Po wtorkowym posiedzeniu rządu minister Rafalska poinformowała, że zaproponowany został wskaźnik waloryzacji na poziomie 3,26. Składa się na niego inflacja emerycka 102,6 i realny wzrost wynagrodzeń, który prognozowany jest na poziomie 3,3 proc. Dodała, że koszt waloryzacji przewidywany na 2019 rok to 6,86 mld zł, czyli znacznie więcej niż tegoroczna waloryzacja, która wyniosła 2,98 proc i kosztowała niecałe 6 mld zł.

Minister poinformowała również, że trwają prace nad nowym mechanizmem waloryzacji.

Jak obliczyć wzrost swojej emerytury?

Podane przez minister Rafalską kwoty to podwyżki najniższych i przeciętnych świadczeń, ale każdy emeryt może sam obliczyć, o ile zwiększy się od 1 marca jego świadczenie.
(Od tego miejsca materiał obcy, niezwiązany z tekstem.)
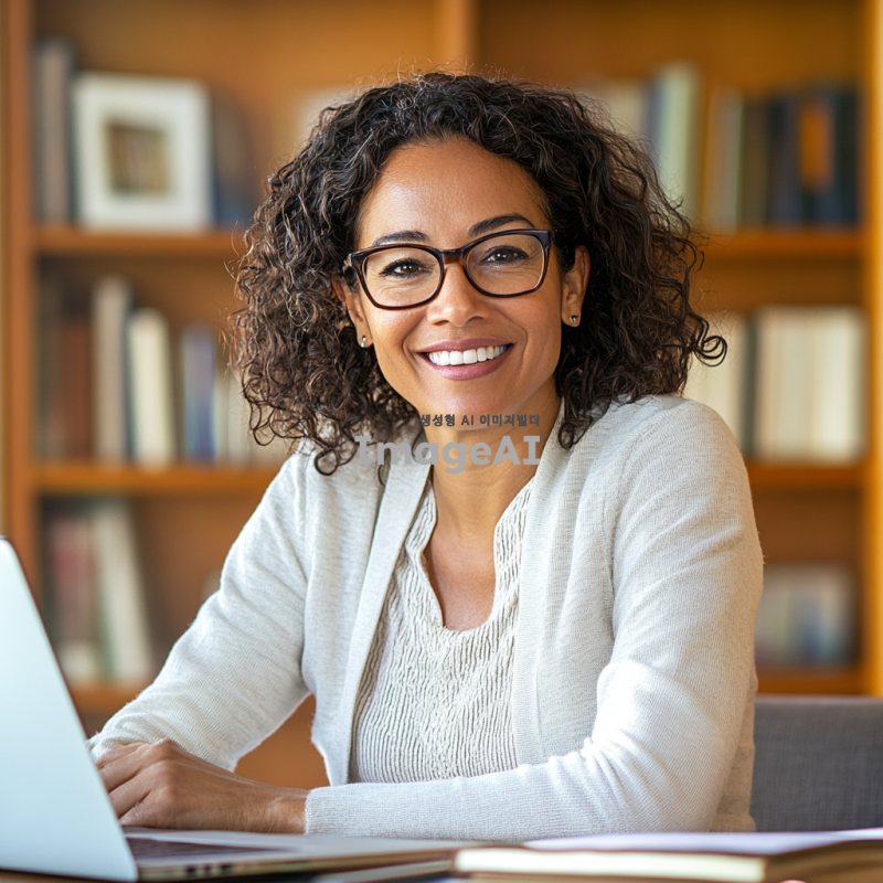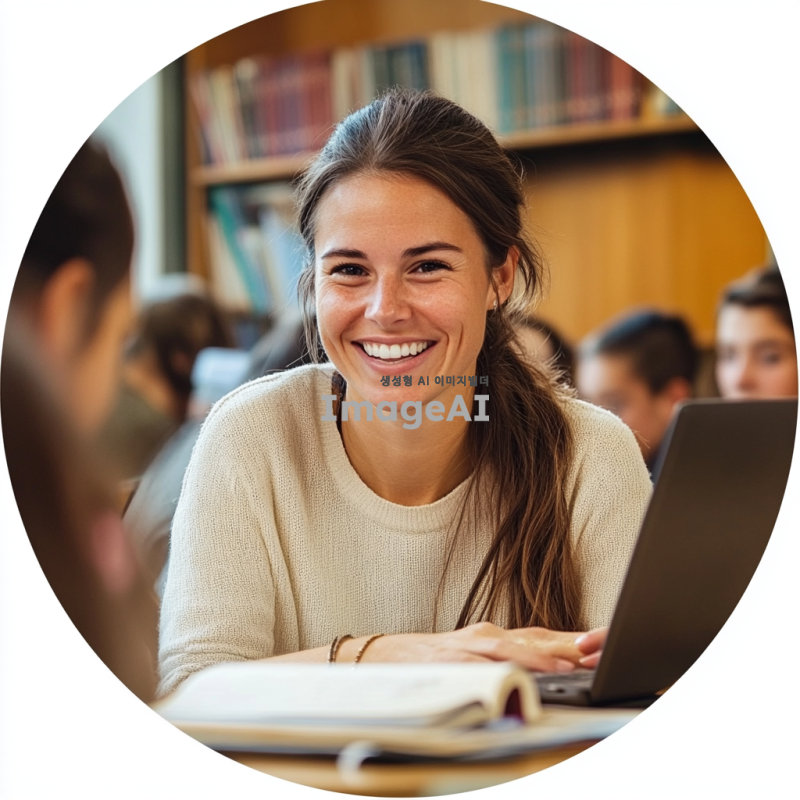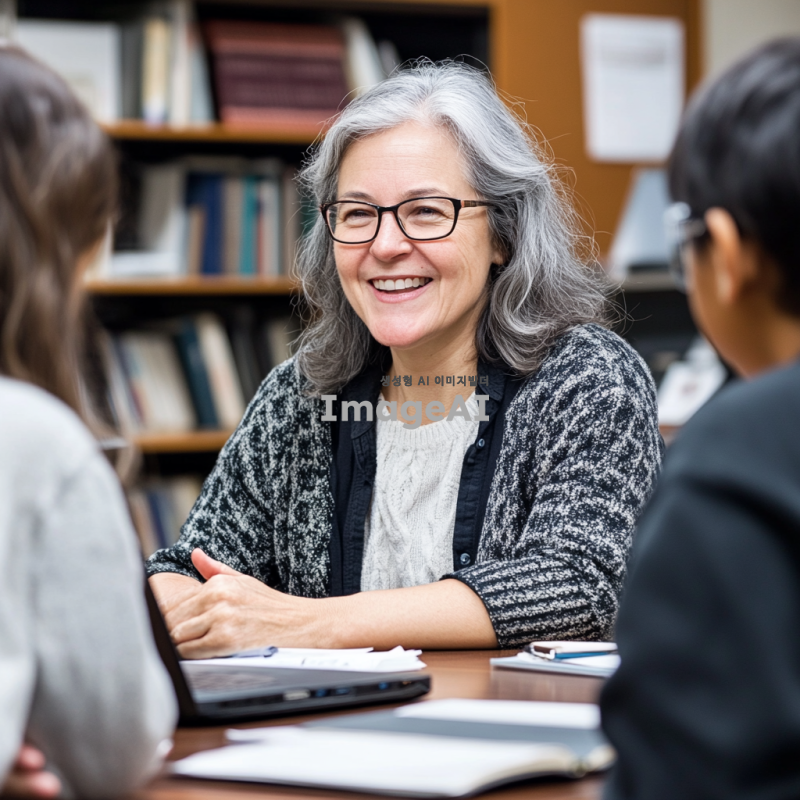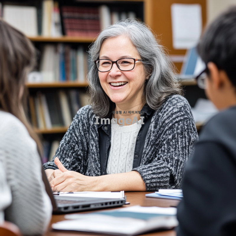 따뜻하고 인자한 미소를 짓고 있는 여성 멘토, 부드러운 눈빛과 친절한 표정을 가진 모습, 실내에서 책상에 앉아 학생들과 함께 대화하는 장면, 주변에는 책과 노트북이 놓여 있어 지식과 배움의 환경을 암시, 온화한 색조의 배경, 편안하고 격려하는 분위기, 다양한 연령대의 학생들이 함께하며 존경과 신뢰를 나타내는 장면.

Wystarczy pomnożyć kwotę brutto przyznanej emerytury przez wskaźnik waloryzacji.

Na potwierdzenie trzeba jeszcze poczekać

Emerytury i renty rosną w Polsce 1 marca. Przeliczane są z urzędu, bez żadnego wniosku. To, ile wynosi wzrost, zależy w uproszczeniu od dwóch czynników: ubiegłorocznej inflacji (wzrostu cen) i ubiegłorocznego wzrostu płac. Zaprezentowane poziomy wzrostu to na razie prognozy. Ostateczne dane poznamy na początku przyszłego roku.